[Mb-civic] No, It's Not Anti-Semitic - Richard Cohen - Washington Post Op-Ed
William Swiggard
swiggard at comcast.net
Tue Apr 25 03:54:38 PDT 2006
No, It's Not Anti-Semitic
<>
By Richard Cohen
The Washington Post
Tuesday, April 25, 2006; A23
During the Jim Crow era, many American communists fiercely fought
racism. This is a fact. It is also a fact that segregationists and
others often smeared civil rights activists by calling them communists.
This technique is sometimes called guilt by association and sometimes
"McCarthyism." If you think it's dead, you have not been following the
controversy over a long essay about the so-called "Israel Lobby."
On April 5, for instance, The Post ran an op-ed, "Yes, It's
Anti-Semitic," by Eliot A. Cohen, a professor at the John Hopkins School
of Advanced International Studies and a respected defense intellectual.
Cohen does not much like a paper on the Israel lobby that was written by
John Mearsheimer of the University of Chicago and Stephen Walt of
Harvard University. He found it anti-Semitic. I did not.
But I did find Cohen's piece to be offensive. It starts by noting that
the paper, titled "The Israel Lobby and U.S. Foreign Policy," had been
endorsed by David Duke, the former head of the Ku Klux Klan. It goes on
to quote Duke, who, I am sure, has nodded his head in agreement over the
years with an occasional piece of mine, as saying the paper is a "modern
Declaration of American Independence." If you follow Cohen's reasoning,
then you would have to conclude that David Duke and the Founding Fathers
have something in common. I am not, as they say, willing to go there.

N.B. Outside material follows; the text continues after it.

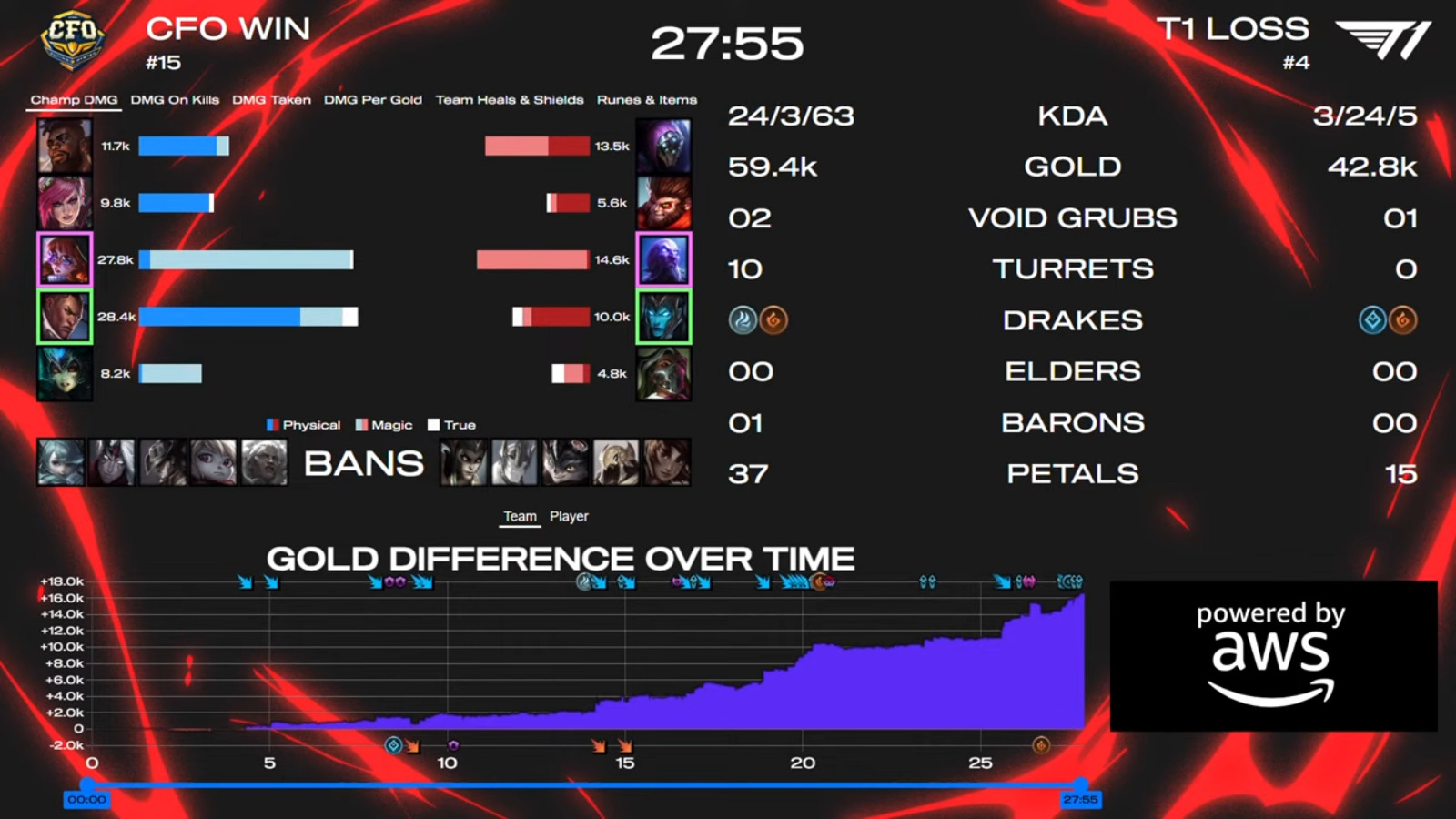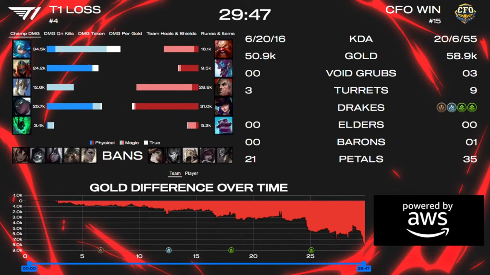 CFO could finish the series here, but it did not happen. Even if T1 had a big lead throughout Game 4, they started losing the initiative drastically at around 27 minutes.

Unfortunately, Cohen's piece is not unique. The New York Sun reported on
its front page of March 24 an allegation from Alan Dershowitz that some
of the quotes from the Israel lobby paper "appear on hate sites." Maybe
they do, but Mearsheimer and Walt took those quotes (about press
coverage of Israel) from a book written by Max Frankel, a former editor
of the New York Times. To associate Mearsheimer and Walt with hate
groups is rank guilt by association and does not in any way rebut the
argument made in their paper on the Israel lobby.
There is hardly a stronger, more odious, accusation than anti-Semitism.
It comes freighted with more than a thousand years of tragic history,
culminating in the Holocaust. The mere suggestion of it is enough for
any sane person to hold his tongue. Yet this did not stop the respected
German newspaper editor Josef Joffe from stating in the New Republic
that the lobby paper "puts 'The Protocols of the Elders of Zion' to
shame." He is referring to the most notorious anti-Semitic text of all
time. My friend Joffe is in dire need of a cold compress.
My own reading of the Mearsheimer-Walt paper found it unremarkable, a
bit sloppy and one-sided (nothing here about the Arab oil lobby), but
nothing that even a casual newspaper reader does not know. Its basic
point -- that Israel's American supporters have immense influence over
U.S. foreign policy -- is inarguable. After all, President Bush has just
recently given Israel NATO-like status without so much as a murmur from
Congress. "I made it clear, I'll make it clear again, that we will use
military might to protect our ally Israel," Bush said. This was the
second or third time he's made this pledge, crossing a line that
previous administrations would not -- in effect, promulgating a treaty
seemingly on the spot. No other country gets this sort of treatment.
Israel's special place in U.S. foreign policy is deserved, in my view,
and not entirely the product of lobbying. Israel has earned it, and
isn't there something bracing about a special relationship that is not
based on oil or markets or strategic location but on shared values? (A
bit now like Britain.) But I can understand how foreign policy
"realists" such as Mearsheimer and Walt might question its utility and
not only think that a bit too much power is located in a specific lobby
but that it is rarely even discussed. This may be wrong, but it is not
(necessarily) anti-Semitic. In fact, after reading the Mearsheimer-Walt
paper, the respected Israeli newspaper Haaretz not only failed to
discern anti-Semitism but commended the paper to its readers. "The
professors' article does not deserve condemnation," Haaretz stated in an
editorial.
An abridged version of the Mearsheimer-Walt paper was published by the
London Review of Books and is available online at http://www.lrb.co.uk/
. Read it and decide for yourself whether it is anti-Semitic. Whatever
the case, their argument is hardly rebutted by purple denunciations and
smear tactics. Rather than being persuasive, Mearsheimer and Walt's more
hysterical critics suggest by their extreme reactions that the duo is on
to something. These tactics by Israel's friends sully Israel's good name
more than Mearsheimer and Walt ever could.